╭─ Available data

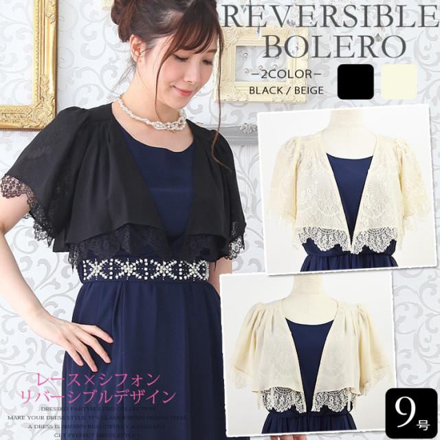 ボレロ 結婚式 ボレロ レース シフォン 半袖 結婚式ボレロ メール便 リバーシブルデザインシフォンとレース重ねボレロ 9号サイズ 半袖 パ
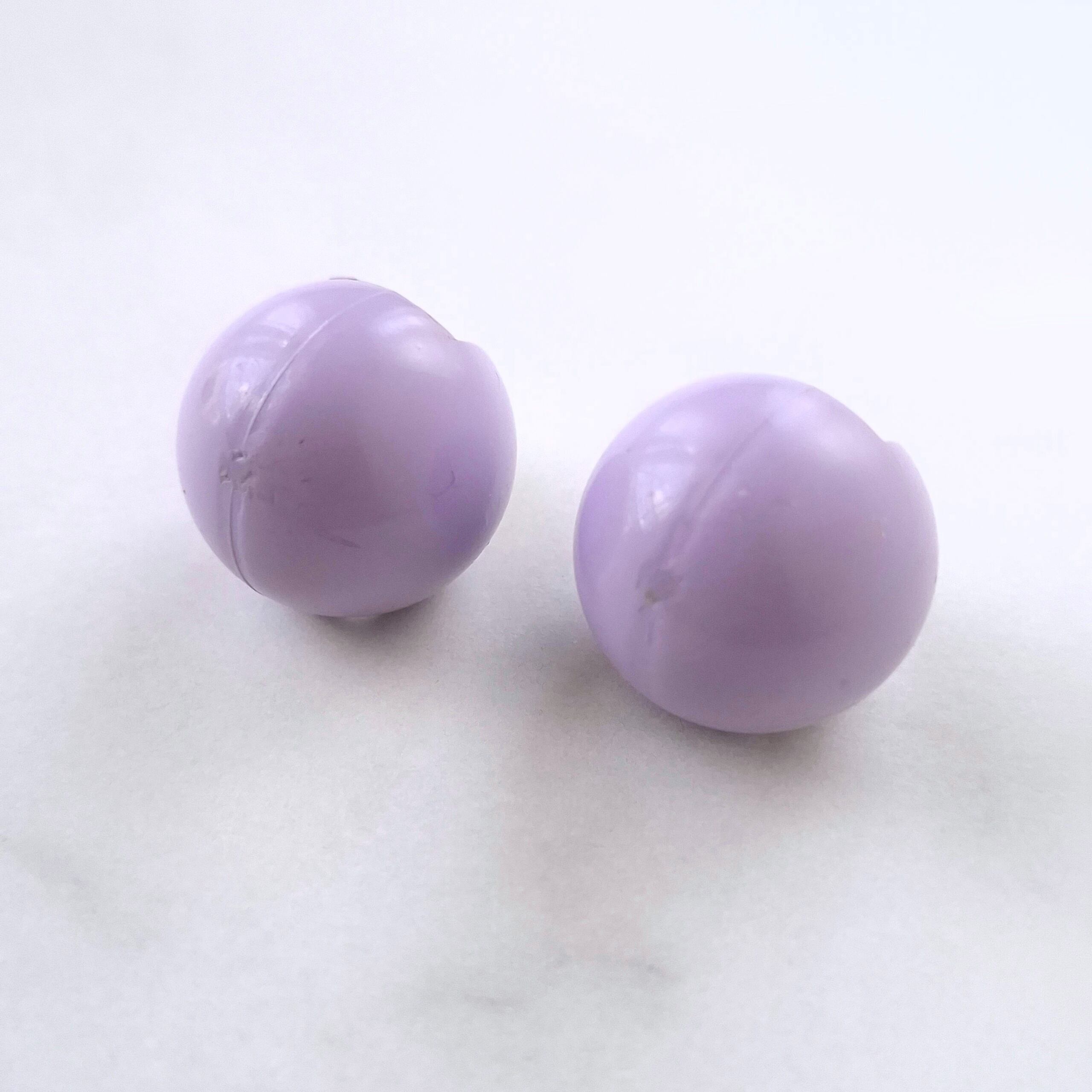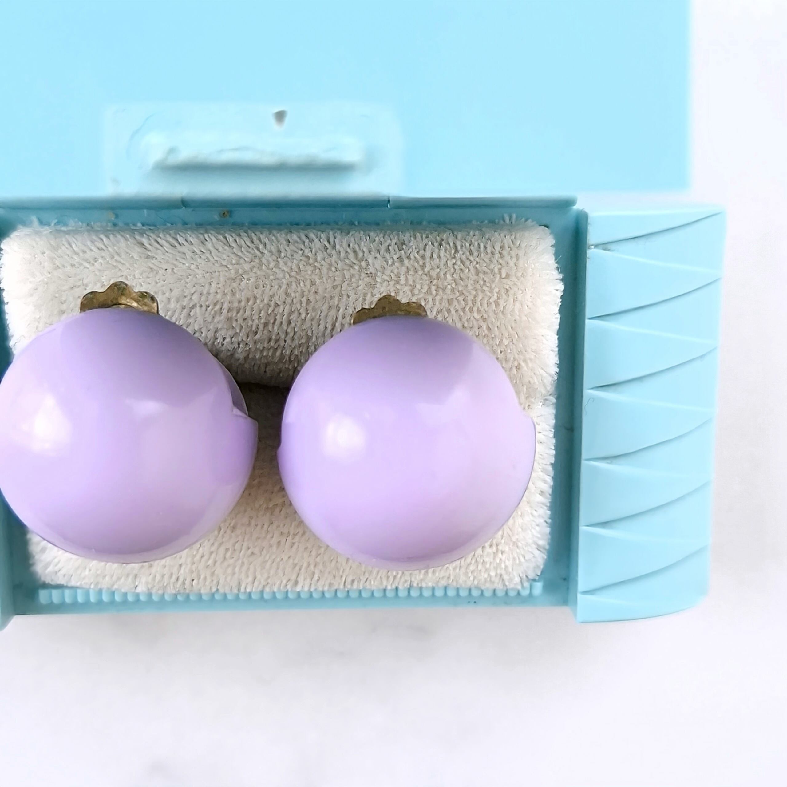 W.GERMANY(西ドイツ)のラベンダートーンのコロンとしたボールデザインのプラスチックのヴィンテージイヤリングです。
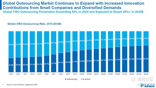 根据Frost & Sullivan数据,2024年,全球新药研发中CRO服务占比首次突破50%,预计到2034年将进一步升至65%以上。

╰─

● Requirement
Would you copy out every line of the data above exactly, minus the pictures?

● Written answer
 ボレロ 結婚式 ボレロ レース シフォン 半袖 結婚式ボレロ メール便 リバーシブルデザインシフォンとレース重ねボレロ 9号サイズ 半袖 パ
 W.GERMANY(西ドイツ)のラベンダートーンのコロンとしたボールデザインのプラスチックのヴィンテージイヤリングです。
 根据Frost & Sullivan数据,2024年,全球新药研发中CRO服务占比首次突破50%,预计到2034年将进一步升至65%以上。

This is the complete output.